Details:
- Updated the '-march=corei7-avx' flag in the sandybridge subconfig
to '-march=sandybridge' and the '-march=core-avx2' flag in the
haswell subconfig to '-march=haswell'. The older flags were used
by older versions of gcc and should have been updated to the newer
forms a long time ago. (The older flags were clearly working, even
though they are no longer documented in the gcc man page.)
Details:
- Updated most comments in testsuite modules that describe how the
correctness test is performed so that it is clear whether the vector
(normfv) or matrix (normfm) form of Frobenius norm is used.
Details:
- Defined two new static functions in bli_cntx.h:
bli_cntx_set_blksz_def_dt()
bli_cntx_set_blksz_max_dt()
which developers may find convenient when experimenting with different
values of cache blocksizes.
- Updated one- and two-socket multithreaded problem size range and
increment values in test/3/Makefile.
- Changed default to column storage in test/3/test_gemm.c.
- Fixed typo in comment in testsuite/src/test_subm.c.
Details:
- Fixed a bug in bli_l3_thrinfo_print_gemm_paths() and
bli_l3_thrinfo_print_trsm_paths(), defined in bli_l3_thrinfo.c,
whereby subnodes of the thrinfo_t tree are "dereferenced" near the
beginning of the functions, which may lead to segfaults in certain
situations where the thread tree was not fully formed because the
matrix problem was too small for the level of parallelism specified.
(That is, too small because some problems were assigned no work due
to the smallest units in the m and n dimensions being defined by the
register blocksizes mr and nr.) The fix requires several nested levels
of if statements, and this is one of those few instances where use of
goto statements results in (mostly) prettier code, especially in the
case of _gemm_paths().

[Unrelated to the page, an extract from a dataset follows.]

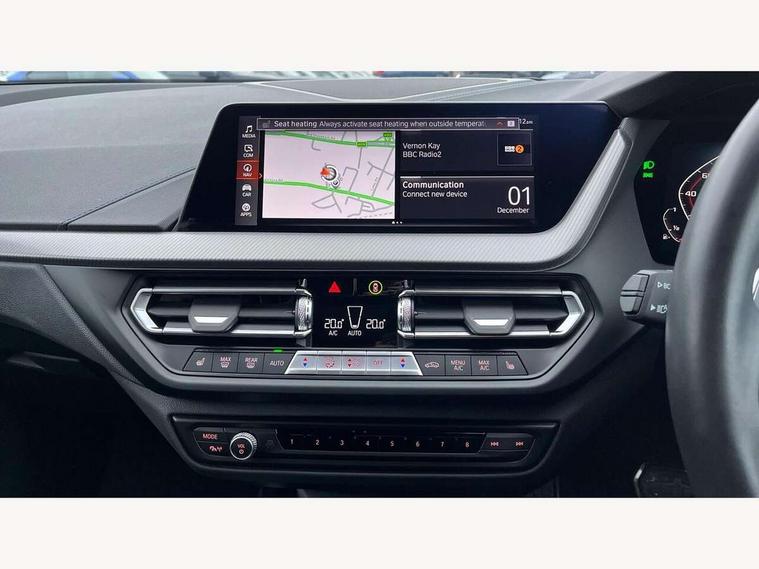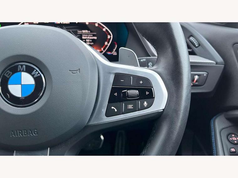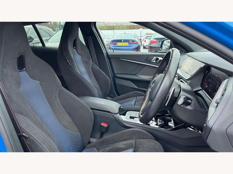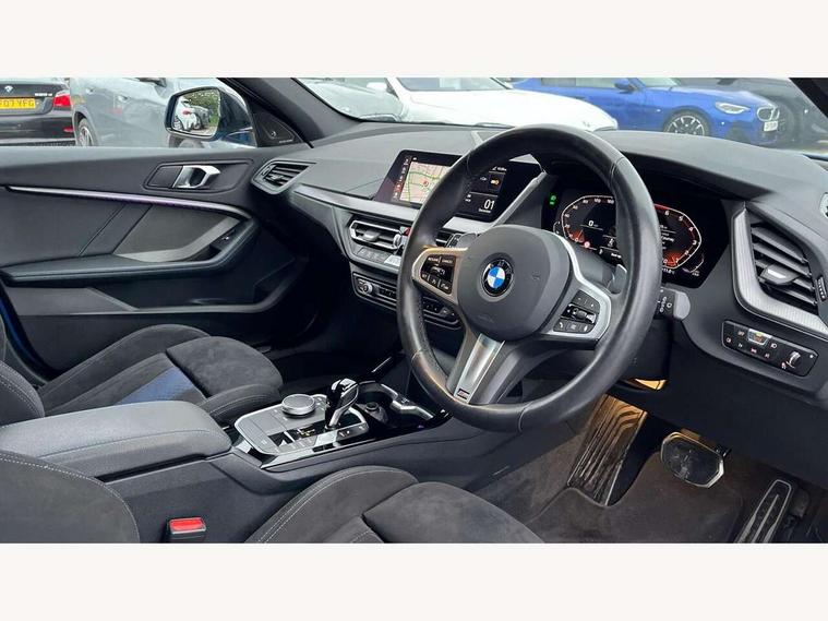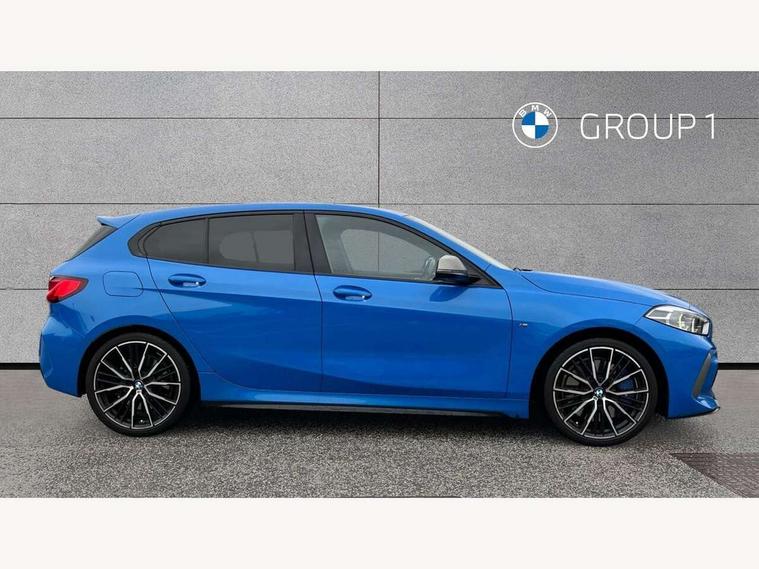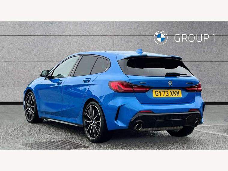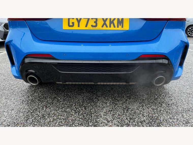 Active guard plus, Attentiveness assist, BMW ConnectedDrive online services, BMW Teleservices, Check Control warning system for monitoring of lights and door/luggage compartment open warning, Cruise control with speed limiter, Eco pro mode, Electric power steering, Electro hydraulically controlled multi-plate clutch transfers drive to rear axle and with power take-off device located on the front differential., Energy efficient operating strategy, Front axle single joint with specific axle kinematics to minimise drive influences on steering + provide increased rigidity agile driving behaviour, Gearshift time display in manual mode, Integrated owners handbook, Lane departure warning system, M Sports steering with M135i xDrive specific settings, Oil sensor for level and grade, On board computer, Optimum shift indicator, Personal Profile, Pull away assistant, Rigidly mounted rear subframe - Multi link construction with separate spring / damper configuration and excellent driving characteristics, Speed limit Info including no-overtaking indicator, Sporty fast gear shifting in sport mode, Aluminium lightweight construction, Anti roll bar front and rear, Balancer shaft, Double VANOS, Drive Performance Control, Eight speed sport automatic transmission with gearshift paddle switches, Electronic differential lock, Electronic selector lever, Engine cover with M performance designation, High precision injection, Larger fuel tank capacity (50 litres), Launch control, M135i specific heavily de-throttled engine intake air guide, M135i specific high-performance cooling package, M135i specific larger turbocharger with integrated divert-air valve, Petrol Particulate Filter, Twin tube gas filled shock absorbers with degressive characteristic curve, VALVETRONIC engine management, Variable, stepless and infinitely adjustable distribution of drive torque between the front and rear axles, xDrive intelligent all wheel drive with M135i specific reinforced components, DAB Digital radio, Auto dimming rear view mirror, Automatic headlight beam throw control, Automatic windscreen wipers and automatic headlight, Body colour door handles, Body colour roof trims, Cerium grey exterior mirror caps, Direction indicator side lights in exterior mirrors, Electrically adjustable exterior mirror with mirror adjustment switch on drivers armrest and aspheric on driver side, convex on passenger side, Exhaust tailpipe, Cerium Grey with bevelled finish - twin, round 100mm, left and right split, Fading support, Folding side mirrors with auto dimming/folding wing mirrors with auto dimming, Follow me home headlights, Front and rear bumper system with replaceable deformation elements, Front and rear electric windows with open and close fingertip control, anti trap facility and comfort closing, Front door sill finishers with M135i designation, Green tinted heat protection glazing, High gloss shadowline window frame, Recess cover mirror frames and B/C pillar embelisher trim, High level third brake light, Integrated front windscreen with washer jets, Kidney grille frame in Cerium Grey with Mesh design, LED daytime running lights, LED eyebrow turn indicators, Lightweight engineering, M logo designation side in cerium grey, M Performance exhaust system with valve control and minimised exhaust back pressure, M Performance specific setup, M Sport spoiler, Matt black air guide grilles, Matt black wheel arch trim, Model designation on electric bootlid includes xDrive designation for M135i xDrive, Nearside reverse light in rear light cluster, Preparation for high beam assistant, Rear fog lights, Rear side wing doors, Rear window wiper, Reinforced crank drive, new pistons and adapted con rods, Shark fin antenna, Trailer stabilisation logic, Visible VIN plate, Welcome lighting, 12V power socket in front centre console with blanking plug, 3 rear seat head restraints, 3 seat bench in 2nd row, 3 spoke sports leather steering wheel with black leather and stitching, pearl chrome decorative finish, specific M Badge, Anthracite headlining, Black boot net with lashing eyes, Cargo function on 2nd seat row, Child seat ISOFIX attachment for two outer rear seats and front passenger seat with anchorage points, Conditioned based service, Driver and front passenger backrest net on rear, Driver and front passenger seat heating, Driver side folding compartment in instrument panel, Folding rear clothes hook, Four grab handles integrated in roof lining, Front and rear door pockets with bottle holders, Front and rear side armrest integrated into door trim, Front armrest, Front M sports seats, Glove compartment, Height adjustable front head restraints, Luggage compartment for bag hooks on left and right, foldable luggage compartment liner and four lashing eyelets, Manual adjust steering wheel, Multi-function controls for steering wheel, Single front passenger seat, Storage compartment in centre console, Storage compartment in luggage compartment, Stowage of the parcel shelf in luggage compartment trim, Sun visors with vanity mirrors and insert tab, Two front centre console cupholders, Two zone automatic air conditioning, Type C two USB ports in rear centre console, Velour floor mats, Additional interior lighting pack - 1 Series M135i, BMW live cockpit professional pack- 1 Series, Connected pack professional - 1 Series, Interior lights pack - 1 Series, M Sport exterior styling aerodynamics pack - 1 Series 135i, 2 tone horn, 3 point seatbelts on all seats, front pyrotechnic belt tensioners, stopper and belt force limiters, rear coded belt buckles, Airbags - Front driver/passenger, front and rear curtain head protection, front side, manual deactivation of front passenger airbag, Anti lock braking system (ABS) with brake assist, BMW emergency call, Brake drying, Braking readiness, Child proof locking system in rear door, City braking function, Comfort modes, Cornering brake control, Crash sensor activating of airbags, Unlocking doors, hazard warning lights, interior light

And while it wasn't necessary, I ported this
goto usage to the loop body that prints the thrinfo_t work_id and
comm_id values for each thread. Thanks to Nicholai Tukanov for helping
to find this bug.
Details:
- Updated the BLASFEO performance graphs shown in PerformanceSmall.md
using a new commit of BLASFEO (2c9f312); updated PerformanceSmall.md
accordingly.
- Updated test/sup/octave/plot_l3sup_perf.m so that the .m files
containing the mpnpkp results do not need to be preprocessed in order
to plot half the problem size range (ie: up to 400 instead of the
800 range of the other shape cases).
- Trivial updates to runme.m.
Details:
- Use -qopenmp-simd instead of -fopenmp-simd when compiling with Intel
icc. Recall that this option is used for SIMD auto-vectorization in
reference kernels only. Support for the -f option has been completely
deprecated and removed in newer versions of icc in favor of -q. Thanks
to Victor Eijkhout for reporting this issue and suggesting the fix.
Details:
- Added a cpp-conditional directive block to bli_arch_config.h that
#includes "bli_family_thunderx2.h". The code has been missing since
adf5c17f. However, this never manifested as an error because the file
is virtually empty and not needed for thunderx2 (or most subconfigs).
Thanks to Jeff Diamond for helping to spot this.
Details:
- Updated the graphs linked in PerformanceSmall.md with BLASFEO results,
and added documenting language accordingly.
- Updated scripts in test/sup/octave to plot BLASFEO data.
- Minor tweak to language re: how OpenBLAS was configured for
docs/Performance.md.
Details:
- Changed starting problem and increment from 16 to 4.
- Added 'lll' (square problems) to list of problem size shapes to
compile and run with.
- Define BLASFEO location and added BLASFEO-related definitions.
Details:
- Added a new markdown document, docs/PerformanceSmall.md, which
publishes new performance graphs for Kaby Lake and Epyc showcasing
the new BLIS sup (small/skinny/unpacked) framework logic and kernels.
For now, only single-threaded dgemm performance is shown.
- Reorganized graphs in docs/graphs into docs/graphs/large, with new
graphs being placed in docs/graphs/sup.
- Updates to scripts in test/sup/octave, mostly to allow decent output
in both GNU octave and Matlab.
- Updated README.md to mention and refer to the new PerformanceSmall.md
document.
Details:
- Fine-tuned the double-precision real MT threshold (which controls
whether the sup implementation kicks for smaller m dimension values)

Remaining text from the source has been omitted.